A counselor led five campers – Wali, Zakhaa, Ora, Ken and Simeon – in a final rehearsal for the day. Facing the glimmer of the pond, they raised their hands in unison and recited the last verse: I am from the community and village that helps me grow.

“They ain’t gonna see that coming,” Simeon said, as the group relaxed their outstretched arms.

Wali smiled.

‘You own it’

After lunch, campers gathered in a sunlit room. African art dotted the walls, along with student paintings that described strategies for coping with negative emotions, and a chart that listed the elements of culture.

“Why do we have capoeira?” asked Monitor Tarantula, a martial arts instructor from Huntsville. It was his first year at the camp, and he came to share a piece of Afro-Brazilian culture.

The students chimed in, recounting how the art form was created by Africans – mostly from Angola, Mozambique and Zimbabwe – who were enslaved in Brazil.

Capoeira is part of an art form called jogo, which means “to play.” As the campers found partners, Tarantula coached them on the cocorinha, a way to evade a move; the au, a circling move; and the ginga, which means “to sway.”

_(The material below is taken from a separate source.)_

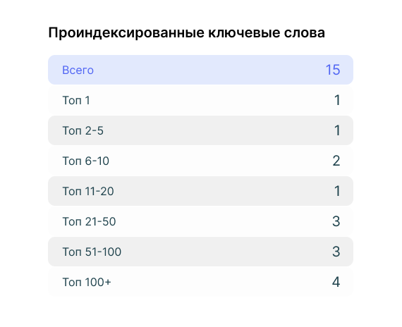 3. Общее количество индексируемых ключевых слов в разрезе по занимаемым позициям в выдаче App Store. Количество проиндексированных слов минимально — 15.
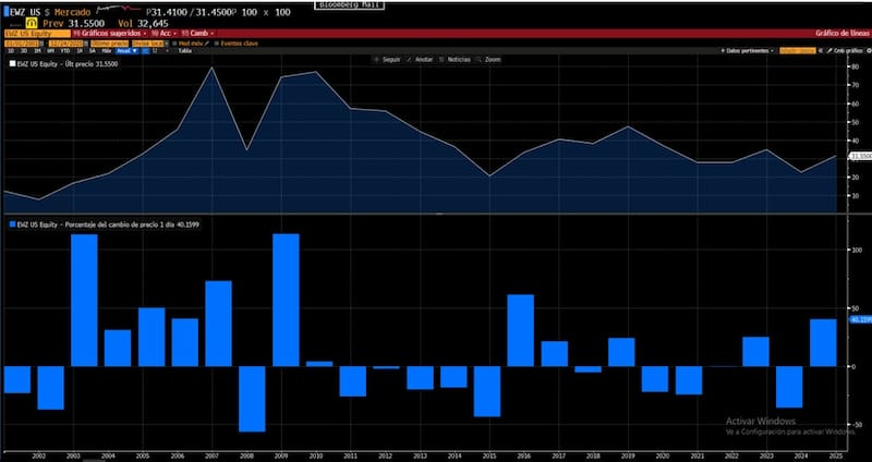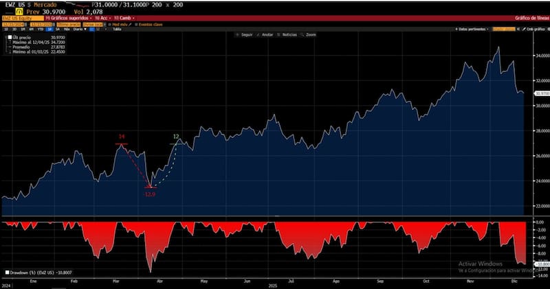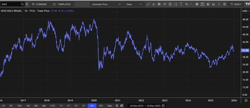 De esta manera, y con las ganancias de 40% en el 2025, el EWZ se encamina a tener su mejor año desde 2016.

“Sometimes things might be a little too much,” Tarantula said. “But don’t stand there. Sway.”

For Tyler, 15, the capoeira lesson wasn’t just a way for him to learn Portuguese words or a new set of martial arts moves. It also taught him a piece of unaltered history, he said – unlike the kind he learned in Alabama public schools, or in his current school in Marietta, Georgia.

“Being from Alabama, a lot of our history was lost, besides the Civil Rights history that we had from slavery,” he said, noting that he was taught that enslaved Africans had come “willingly” to America.

Even though he doesn’t see himself as much of a creative person, Tyler said drumming and dancing allows him to feel an unexpected connection with the Earth and with his ancestry.

“It’s empowering almost,” he said.

Toward the end of the lesson, Cruz-Banks led a group of older girls in song.

“We who believe in freedom cannot rest until it comes,” they sang, clapping and moving to form a circle in a dance called the Ring Shout, one of the rituals that enslaved Africans practiced in America.

On the stage under a winding wooden staircase, Sylla led a group of drummers. Cruz-Banks and Schooley coached the girls to keep their eyes up, toward the drummers, as they stomped to the Kassa, a traditional harvest dance.

The goal of the dance, a ritual of the Malinke ethnic tribe, is to be in sync, and Schooley wanted to instill that concept of community and collaboration in the campers.

“When you share this culture, you know it,” Schooley told them. “You own it.”

***

As the day drew to a close, Schooley reminded students that they’d head to the library Friday for rehearsal, and that they should wear shoes that work well with capoeira.

The campers gathered into another circle and passed a stick in a clockwise motion, each one giving thanks for their instructors, and for each other. One camper said she was grateful to her teacher, who introduced her to the program.

Sebriah, a ninth grader at Minor High School, hopes to become a counselor next year. She had already learned some drumming techniques at Black Star Academy, a homeschool group in Birmingham that she attended before going to public school.

“I learned the importance of knowing who you are,” she said – a skill that, she said, can “shape your future.”

Schooley beamed, recalling the bursts of creativity she witnessed over the week and urging students to find a pathway in life that fulfills them.

“Your history is beyond the shores of America,” she told the campers. “The rest of your story is in that rhythm. Don’t let nobody take it from you.”